[Opening EXERCISE MATERIAL section]
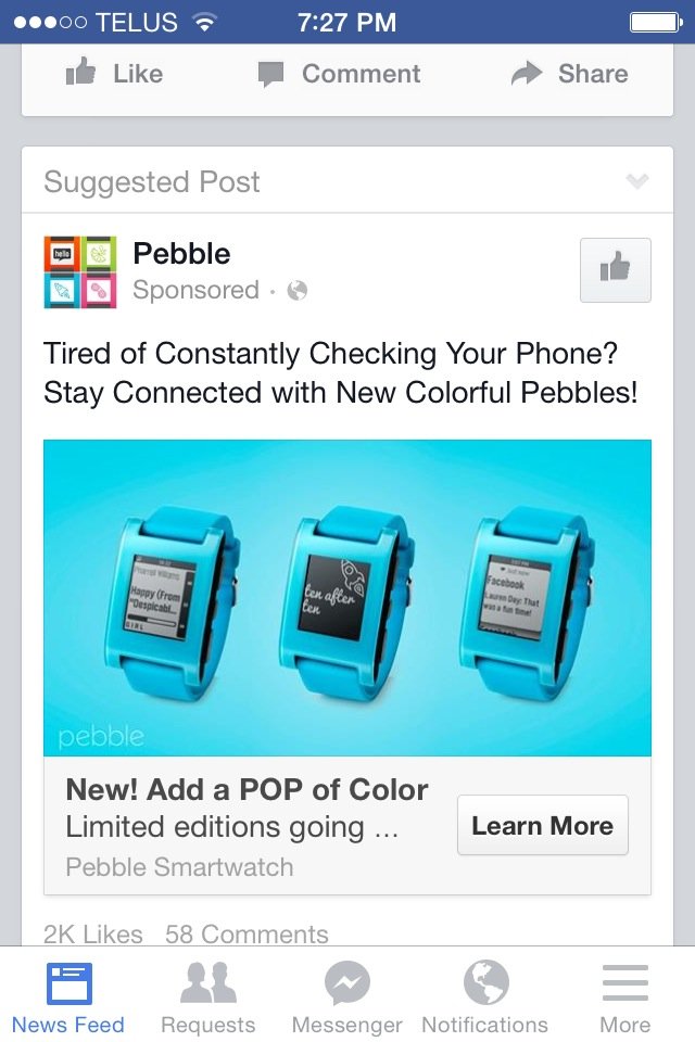 This advertisement, however, promoted on Facebook, is not a random post from a random company trying to repurpose an old idea. The development of a mobile device that you strap to your wrist is one of newest things to hit the mobile market. Apple is launching its own version of this very idea in early 2015. The “iwatch” will hit the market, and no doubt the watch-less generation will become a watch-wearing generation and then all our definitions of who is who will come crashing down.
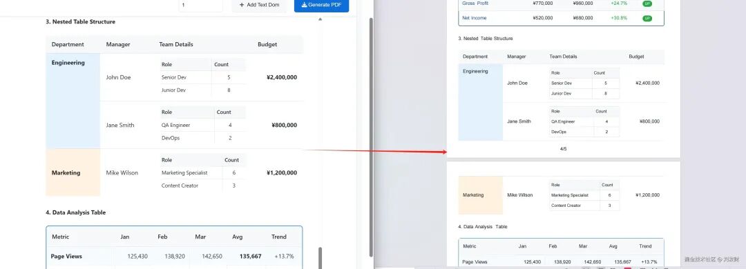 复杂表格分页效果
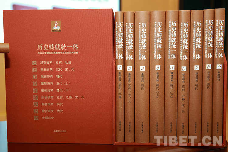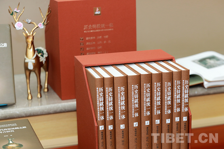 圖為發(fā)布會現(xiàn)場展覽的《歷史鑄就統(tǒng)一體:考古與文物所見西藏和中原關系資料研究》全套圖書 攝影:陳衛(wèi)國
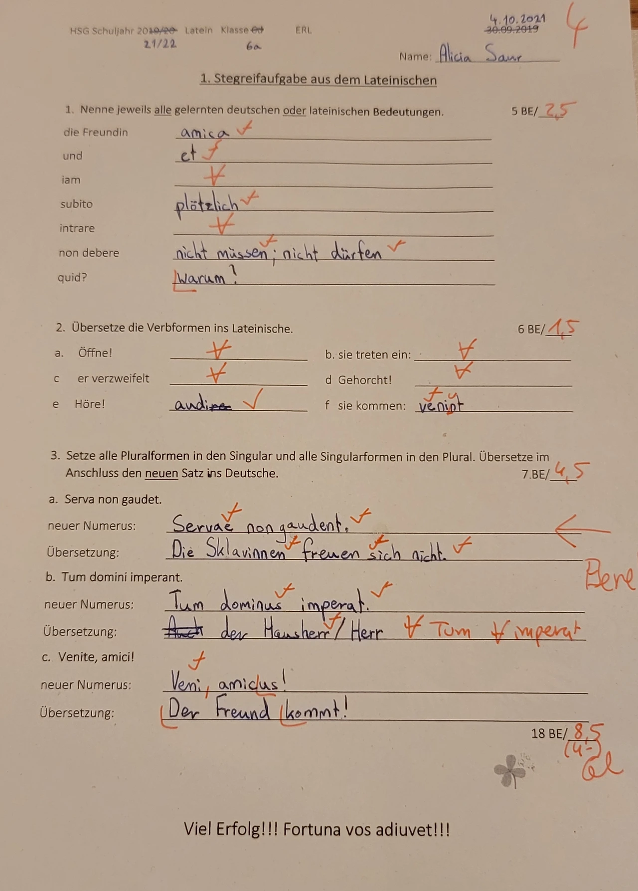 아이의 첫 라틴어 예비시험은 1)어휘 2)문법(동사 변화) 3)라틴어로 쓰인 복수 문장을 단수 문장으로 고치고, 독일어로 해석하기였다.
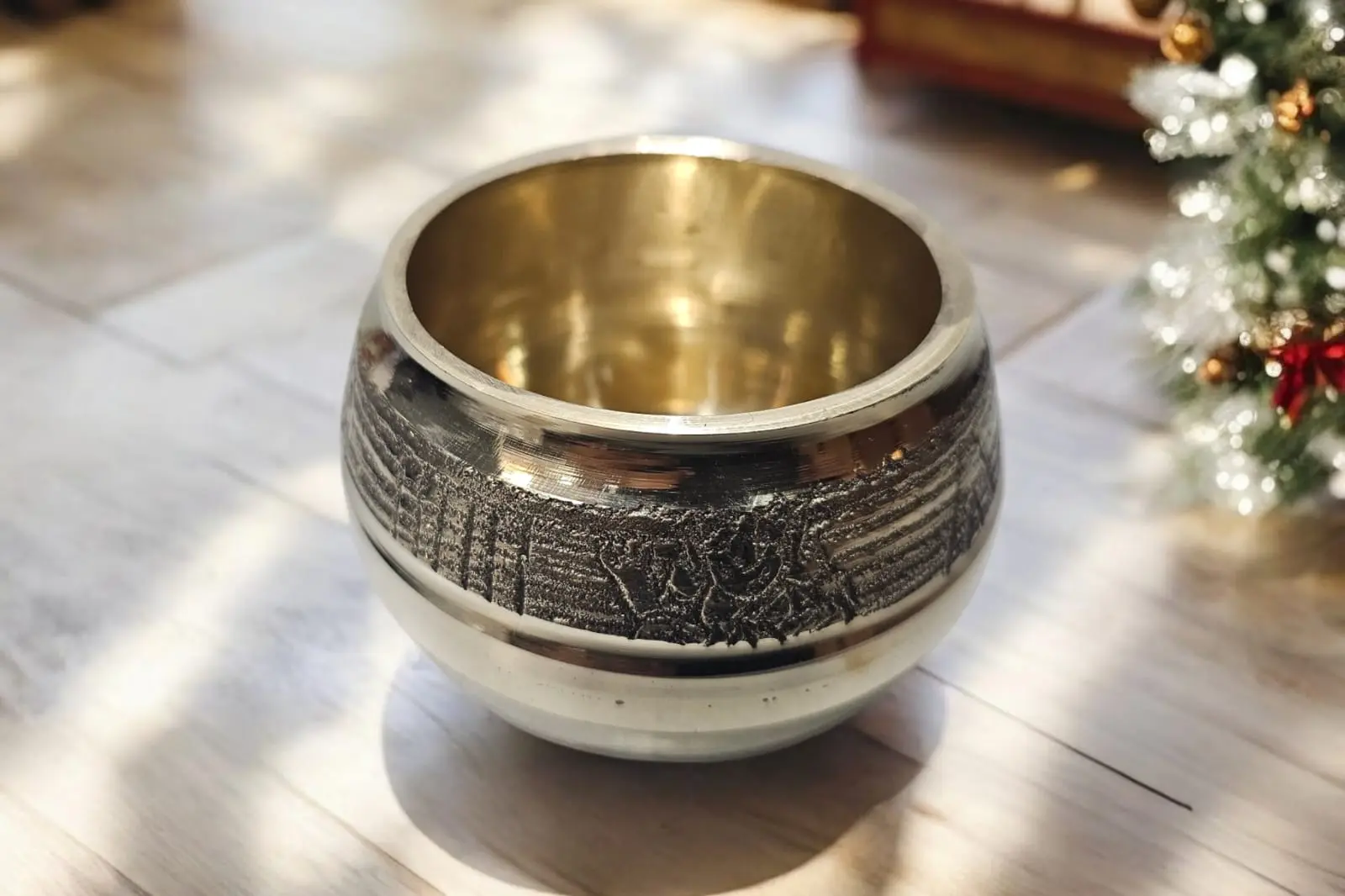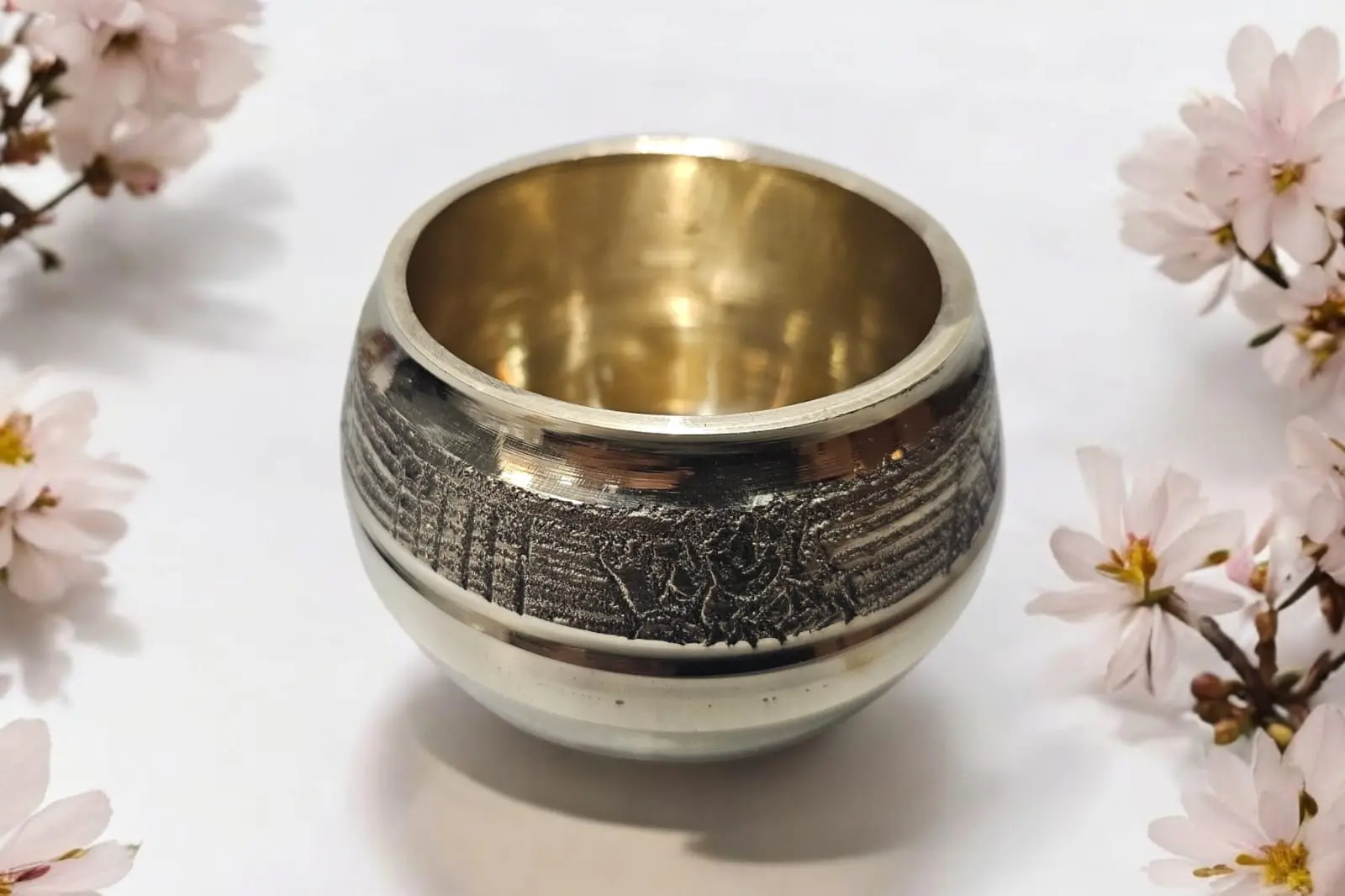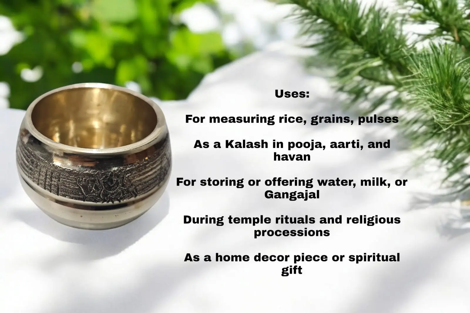 - Its rounded design with carved ridges reflects authentic Indian craftsmanship and cultural heritage. Often used in religious ceremonies like Kalash Sthapana, Griha Pravesh, Navratri, and Diwali, this cup is ideal for holding Gangajal, milk, rice, or other sacred elements. Itβs also used as a traditional measuring tool in rural kitchens and Ayurvedic practices.
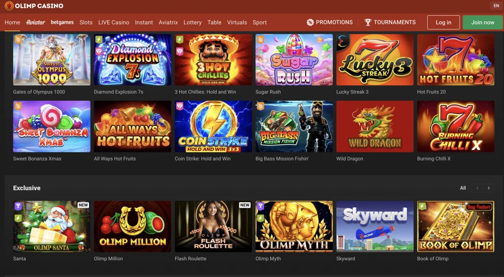 Pe site-ul oficial Olimp există un cazinou online. Pentru a ajunge la sala de jocuri, trebuie să deschideți secțiunea corespunzătoare în bara de meniu de sus. Compania a lansat o mulțime de sloturi, împărțite în mai multe categorii. În plus față de mașinile clasice de construcție, există simulatoare de jocuri de masă și mese cu crupieri live. Toate sloturile sunt disponibile în modul demo. Live Casino acceptă doar bani reali.
[Closing EXERCISE MATERIAL section]
■ **YOUR OBJECTIVE**
Please retype all the entries word for word, omitting the pictures.

■ **EXPECTED ANSWER**
 This advertisement, however, promoted on Facebook, is not a random post from a random company trying to repurpose an old idea. The development of a mobile device that you strap to your wrist is one of newest things to hit the mobile market. Apple is launching its own version of this very idea in early 2015. The “iwatch” will hit the market, and no doubt the watch-less generation will become a watch-wearing generation and then all our definitions of who is who will come crashing down.
 复杂表格分页效果
 圖為發(fā)布會現(xiàn)場展覽的《歷史鑄就統(tǒng)一體:考古與文物所見西藏和中原關系資料研究》全套圖書 攝影:陳衛(wèi)國
 아이의 첫 라틴어 예비시험은 1)어휘 2)문법(동사 변화) 3)라틴어로 쓰인 복수 문장을 단수 문장으로 고치고, 독일어로 해석하기였다.
 - Its rounded design with carved ridges reflects authentic Indian craftsmanship and cultural heritage. Often used in religious ceremonies like Kalash Sthapana, Griha Pravesh, Navratri, and Diwali, this cup is ideal for holding Gangajal, milk, rice, or other sacred elements. Itβs also used as a traditional measuring tool in rural kitchens and Ayurvedic practices.
 Pe site-ul oficial Olimp există un cazinou online. Pentru a ajunge la sala de jocuri, trebuie să deschideți secțiunea corespunzătoare în bara de meniu de sus. Compania a lansat o mulțime de sloturi, împărțite în mai multe categorii. În plus față de mașinile clasice de construcție, există simulatoare de jocuri de masă și mese cu crupieri live. Toate sloturile sunt disponibile în modul demo. Live Casino acceptă doar bani reali.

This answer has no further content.